U.S. benchmark crude prices started the year strong, rising sharply in tandem with stock markets on trade-deal optimism and geopolitical jitters, but then lost over a fifth of their value and dipped below $50 a barrel for the first time in more than a year.
A brief slump on scary headlines wouldn’t put much of dent in producers’ bottom lines, but top exporter Saudi Arabia was spooked enough about a prolonged hit to call an emergency meeting of oil producers.
Oil prices are still at twice their early 2016 nadir and U.S. production is at a record.
Brent crude oil futures
U.S. field production of crude oil
Sources: FactSet (prices); U.S. Energy Information Administration (production)

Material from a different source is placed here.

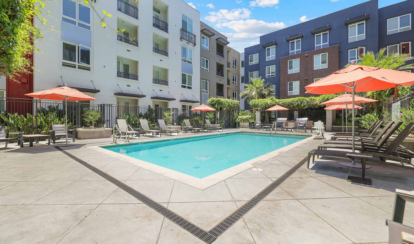 - Resort-style pool and spa with lounge seating

Many analysts share their concern. Citigroup had just raised its expectations for benchmark Brent crude prices for the first quarter from $64 a barrel to $69. This week, they slashed them by $15 a barrel to $54 for the first quarter and to $50 for the second quarter. For companies in the already sputtering shale patch, that kind of price drop could be the difference between a modest profit and burning cash sorely needed to service debt. Next month will see a twice-yearly redetermination of energy companies’ borrowing limits by banks that is based on the prices of energy futures.

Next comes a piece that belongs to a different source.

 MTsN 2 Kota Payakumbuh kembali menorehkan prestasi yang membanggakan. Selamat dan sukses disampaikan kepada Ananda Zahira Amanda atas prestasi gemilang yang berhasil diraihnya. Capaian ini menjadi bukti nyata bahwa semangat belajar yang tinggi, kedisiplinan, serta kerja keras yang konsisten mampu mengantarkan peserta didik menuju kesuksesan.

“If there’s a truly substantial decline in demand with no corresponding cut to supply, then the pace of bankruptcies will accelerate,” predicts Charles Beckham Jr., a Houston-based partner at Haynes and Boone who specializes in restructuring. “We are seeing far less patience among energy investors.”

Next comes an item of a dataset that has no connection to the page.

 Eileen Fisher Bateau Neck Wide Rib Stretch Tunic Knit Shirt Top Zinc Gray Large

The oil market is more accustomed to dealing with supply shocks than collapses in demand. While strategic reserves can ease shortages, even the most eager Fed chairman or Treasury secretary can’t create demand for a million barrels of oil a day by pushing a button—not that they would agitate for higher pump prices anyway.
China is by far the largest importer of crude and it was expected to account for about one-third of the world’s demand growth this year. Its draconian quarantines and public panic have changed that trajectory.
But oil prices are still at twice their early 2016 nadir. As jarring as its recent plunge might seem, the longer-term slide in natural gas is more of a problem says Rob Thummel, senior portfolio manager at energy specialist Tortoise Capital Advisors. Earlier this month, credit-rating firm Moody’s downgraded the debt of EQT Corp., North America’s largest gas producer, to junk status. Even low-cost champ Cabot Oil & Gas Corp. said on Tuesday that it will throttle back spending for “as long as this lower price environment persists.”
The benchmark U.S. Henry Hub gas futures price was already near a multidecade trough. As the hit to Asian growth prospects sank in, a key price for liquefied natural gas in East Asia hit an all-time low this week—too cheap to make spot cargoes from the U.S. profitable.
There were 37 oil and gas bankruptcies in the North American hydrocarbon sector in the final three quarters of 2019 compared with just 15 in the preceding three quarters according to Haynes and Boone. Among those filing was Weatherford International, once one of the largest oil-field-service firms in the world. Other big service providers, while not near bankruptcy, are shadows of their former selves. Industry leader Schlumberger was one of the most valuable companies on the planet. Now the S&P 500’s entire energy sector is worth less than either Apple Inc. or Microsoft Corp. alone.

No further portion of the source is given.